Ro Khanna, chair of the congressional environmental subcommittee and a leading critic of the oil and gas industry, questioned the executives on their continued financial support for present-day climate denial campaigns through their membership in the American Petroleum Institute, which ran recent multimillion-dollar campaigns against electric vehicles and a methane gas tax.

“You are funding these groups,” Khanna said at the Oct. 28 hearing, “If your money is going to organizations that are against the fundamental values that you claim you stand for, don’t you think you have some obligation to monitor where the money is going?”

The executives refused Khanna’s call for them to pledge to stop funding groups actively engaged in climate disinformation.
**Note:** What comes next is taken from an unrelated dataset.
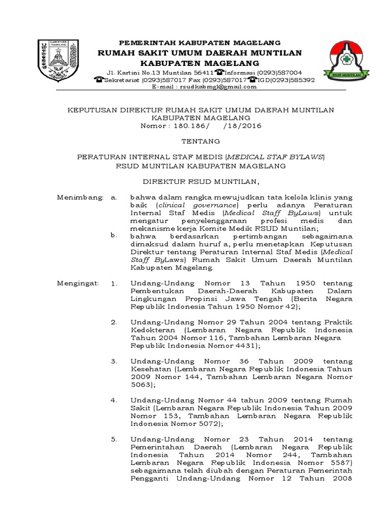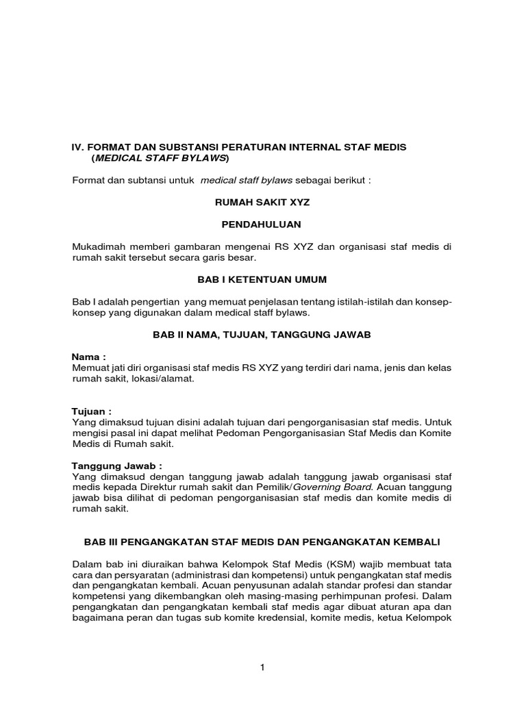 Contoh medical staff bylaws rumah sakit. Sebagai contoh seorang tenaga medis pada pagi hari memberikan pelayanan dipoliklinik atau unit rawat jalan siang hari bias memberikan pelayanan di unit rawat inap dan di malam hari dapat memberikan layanan di kamar operasi atau ruangan tindakan lainnya. Maka medical staff bylaws rumah sakit juga dapat diartikan merupakan produk hukum tertinggi di staf medis. Peraturan internal staff medis tersebut bisa merupakan peraturan internal yang berdiri sendiri tetapi juga bisa merupakan salah satu ketentuan di dalam peraturan internal korporate atau corporate bylaws. Subandi achmadi spog. Bandung 08 09 april 2020 download brosur pelatihan. Berdasarkan uraian tersebut diatas maka dapat ditarik kesimpulan.
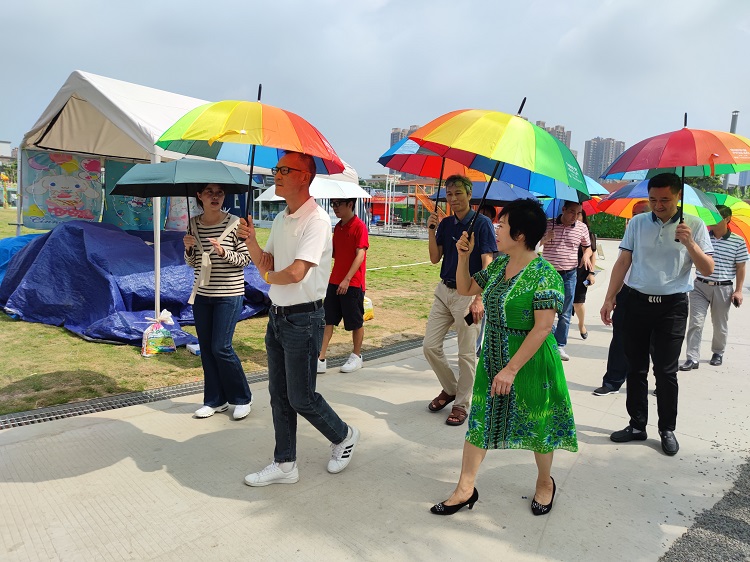 当天上午,一行人来到细滘社区后浪PLUS公园视察。据介绍,后浪PLUS是容桂第一个闲置土地成功盘活项目,通过政府引导、国资撬动、社会参与的模式,占地面积43000平方米的闲置地全面升级,成为容桂文旅新地标。

With the United Nations’ COP26 climate summit now underway, pressure is mounting on the world’s largest fossil fuel companies to reckon with the errors of their past and demonstrate a real change in their approach.

For Naomi Oreskes, a Harvard historian and co-author of Merchants of Doubt, a book on how fossil fuel companies sowed doubt over climate science in the public arena, the hearing showed that the U.S. oil giants were less forthcoming than their European counterparts.

“The admission by the Shell [Oil] CEO [Gretchen Watkins] that her company does plan to reduce emissions, by reducing production — that is to say, that it can be done — was a telling moment,” Oreskes told Mongabay in an email. “The alternative exists, but the US oil and gas companies refuse to embrace it.”

“After four decades of deception and delay, it is time for the fossil fuel industry to finally change its ways,” Maloney said. “It is time for Big Oil to finally join the rest of us in this fight.”